Afterwards, I took the dog out for a stroll, mostly to dry him off, and to enjoy the night air. Moab itself it pretty Blue, although I did see a California SUV with a Bush-Cheney '04 bumper sticker. Its paint job appeared to be intact. Passed a bookstore, with its predictably prominent display of that modern-day Burke and Locke, Franken and Moore.

I wouldn't be surprised if someone were asking "Hey Dude, Where's My Moab?", since this place isn't immune to the Remote Sprawl noted below. Except that there doesn't appear to be any Ur-Moab around to have been usurped. If there was one, it's been buried long ago. Moab is probably much too "now" to care what it looked like in 1930, anyway.

There's Tourist Moab, the X-Games wannabe Moab, the Bike Shop/Arches/Minnetonka-Moccasin/Tom-Till/Jeep Tour/River Raft Moab. And there's Moab for the Moabites, the Walker Drug/City Market/Gas Station Moab. None of that looks any older than 1950. (No, James, it's not there any more.)

I walked all the way up to Resident Moab, the City Market, which had just closed. There was a malamute tied up outside. A couple of blocks into the walk back, I saw the malamute on a flatbed being towed by a man on a bicycle. Why he was hauling the dog, rather than hooking a dog, a husky derivative of all things, up to a cart, is a mystery.

The Diner looks about 1940, but may be a little older. As I walked up to check their hours, an efficient young lady wordlessly locked the door from the inside, answering my question while saving herself the trouble.

I've noticed that, for all their crunchiness, Moabites are not a particularly friendly lot.

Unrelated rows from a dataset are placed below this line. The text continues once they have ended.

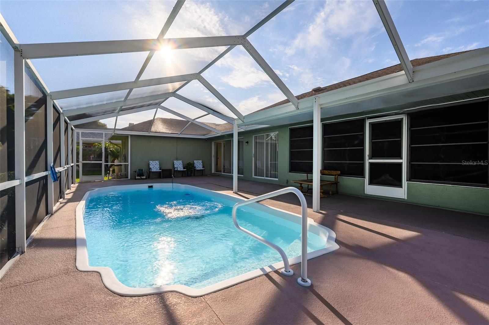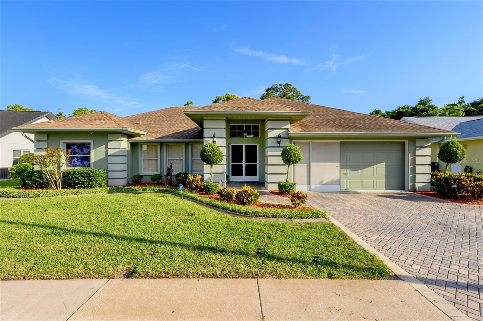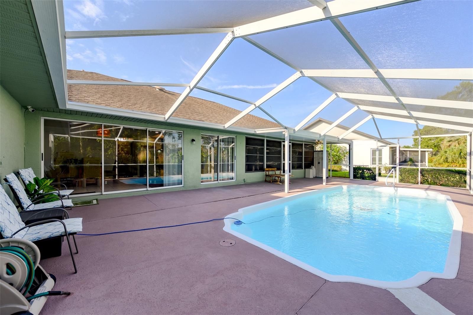 The minute you pull up to this custom built POOL home you see pride of ownership located in the desirable Barrington Woods community. Tons of new upgrades including fresh paint, new flooring, new kitchen appliances and backsplash, new cabinets and island with sink. Beautiful pavers welcome you on the driveway, walkway and around the home to the double entry front door. Beautiful 3 bedroom 2 bath house built as a split plan, Master ensuite with walk in shower and garden tub on one side. Separated by the formal dining room, eat in kitchen, and great room, bedrooms 2 & 3 share a bathroom with bathtub and shower. Great room has a triple slider to the shimmering screen enclosed pool, covered patio for shaded dining and a large area for sunbathing. Did I mention the yard beyond the pool with trees and bushes for privacy. New A C, New Water Softener, New Pool Sweep, washer and dryer convey. Your low quarterly HOA fee offers you use of a spacious clubhouse, fitness center, pool. tennis, pickle-ball, basketball, bocce, activities and games galore. Let's not forget about the close proximity to the stunning Gulf of Mexico! Get out the kayaks or just get in a round of golf at the many public courses available to you. This recognized community sells fast, so don't wait! All information deemed to be accurate. Buyer is responsible for verifying all property information.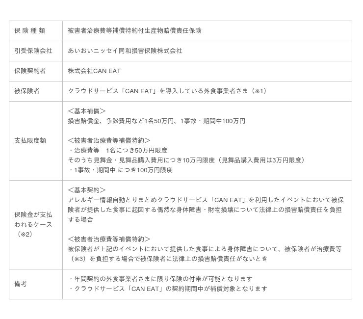 CAN EATが開発・運営するアレルギー情報自動とりまとめクラウドサービス「CAN EAT(キャンイート)」を導入いただいたホテル・ウェディング・飲食店等の外食事業者の皆さまに対し、本サービス利用時において万が一アレルギー事故が発生し事業者側が法律上の損害賠償責任を負担する場合や、法律上の損害賠償責任が発生しないときでも治療費・見舞金等を負担する場合に、アレルギー事故の被害者に支払った治療費・見舞金等を補償する保険を自動的に付帯します。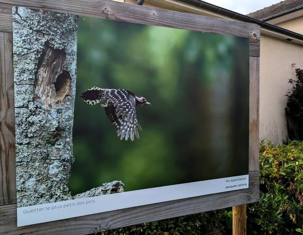 L’exposition photographique et les animations de Bercé, naturellement se poursuivent cet été, à Marigné-Laillé (Sarthe). Sur les vingt-six clichés exposés dans le centre bourg, celle de Jacques Lelong attire l’œil. Il nous raconte l’histoire de sa photographie du pic épeichette.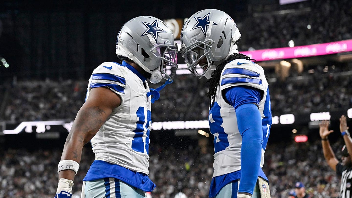 George Pickens a CeeDee Lamb z Dallas Cowboys oslavujú touchdown počas druhej štvrtiny proti Las Vegas Raiders na Allegiant Stadium 17. novembra 2025 v Las Vegas, Nevada. (Ian Maule/Getty Images)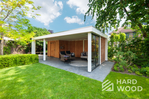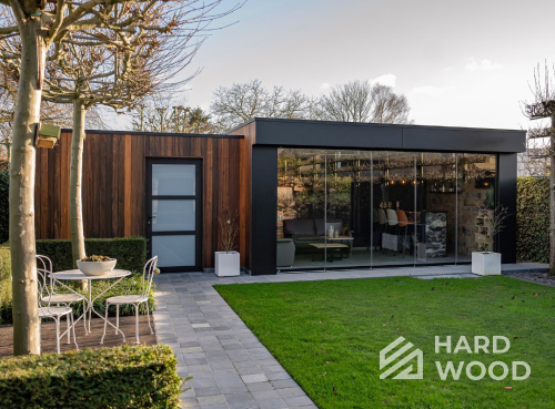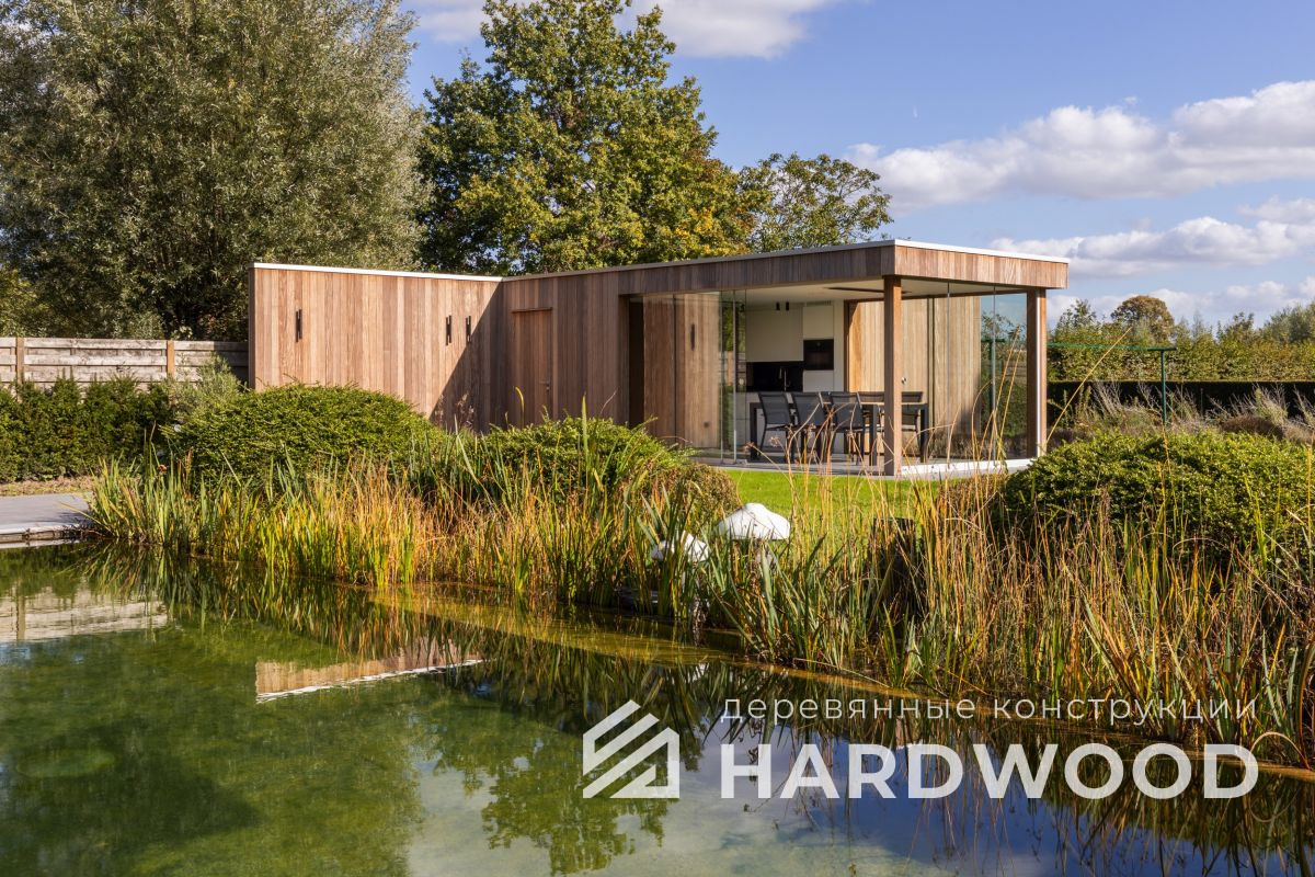 Лофт вырос из индустриальной эстетики: прямые линии, понятный каркас, фактура материалов на первом плане. В беседке это выражается в открытых балках, строгой геометрии, крупном остеклении и функциональности каждой детали. Никакой визуальной «тяжести» — только то, что работает на комфорт и стиль.

As befits their name. (Along those lines, two Israeli friends of mine spent a Tisha B'Av here once. If you understand, it's very funny. If you don't, it'll take too long to explain.) Of course, most of my experience has been with beneficiaries of the omnipresent College Student Bracero Program used by most western tourist towns. Actual Moabites may vary.

Tomorrow: Home. It's still all in the route.